What this means for how we invest
If you’re still pattern-matching founders against the deterministic archetype, you might miss the best ones in this cycle. Some of the signals that would have read as “unstructured” or “not rigorous enough” five years ago are, in this environment, exactly the traits that match the shape of the work - a willingness to kill a feature the day after a model release, to live inside uncertainty without flinching, to treat the roadmap as a hypothesis rather than a promise.
I don’t think rigor is dead. I think it has moved. The rigor that matters now lives in experimentation quality, in selection discipline, in the ability to direct a fleet of agents toward the right problem and tell the brilliant output from the plausible-looking-but-wrong output. That’s a different muscle than five-quarter roadmap adherence, and we’re still learning how to evaluate it.
And it’s worth saying plainly what doesn’t change. Probabilistic doesn’t mean casual. The probabilistic founder still has to be a relentless executor - arguably more so, because an environment that rewards running ten experiments instead of one is unforgiving to anyone who can’t actually finish things. Velocity is the price of admission; the ability to ship, close loops, and compound week over week is as non-negotiable as it ever was.

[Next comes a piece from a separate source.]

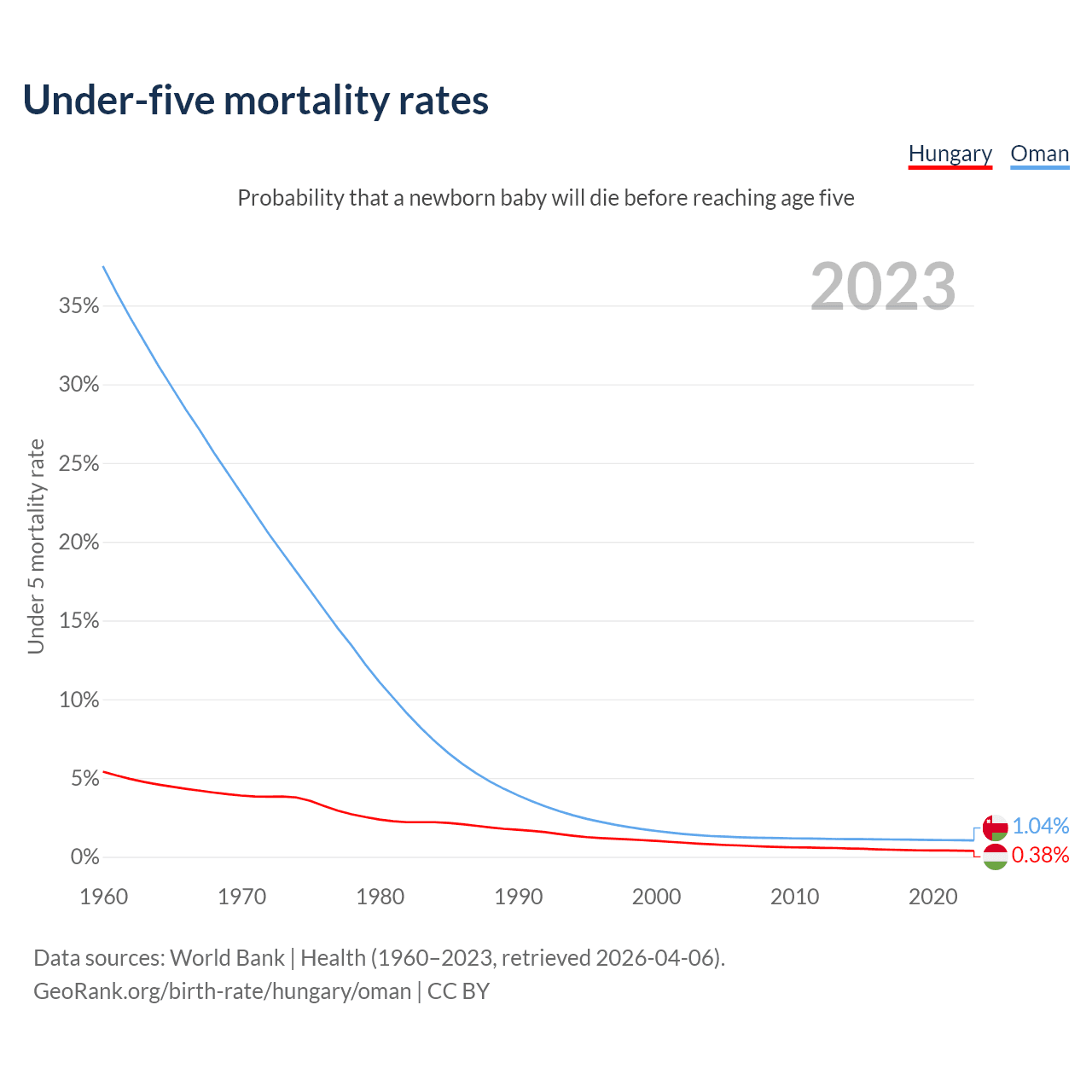 The chance that a newborn baby will die before reaching age five is 0.38% in Hungary and 1.04% in Oman. Above is a chart with historical data on under-five mortality rates.

Likewise the probabilistic founder still has to be an absolute talent magnet. If anything, that bar has gone up. In a world where a small team of the right people plus a fleet of agents can out-ship a team of fifty, the premium on pulling in the top one percent of operators is higher, not lower. The best probabilistic founders are, without exception, the kind of people other great people rearrange their careers to work with. Experimentation without execution is noise and speed without talent is churn.
The bet
Tim Davis ends his essay with a line I keep turning over: the bet of this era is whether the human in the loop stays sharp enough, honest enough, and trained well enough to be worth having in the loop at all.
The founder version of that same bet is whether the operator pointing the fleet has the taste, the speed, and the comfort with uncertainty to compound faster than a competitor still trying to plan their way through.
The probabilistic founder is that bet, in a person. And it’s the one I’m convinced is worth making.




I'm all for a founder being experimental and willing to pivot, but there still has to be an element of saying committed to one's initial mission. Otherwise we might end up with pivots like Allbird's from shoes to AI, which to me is too great a deviation.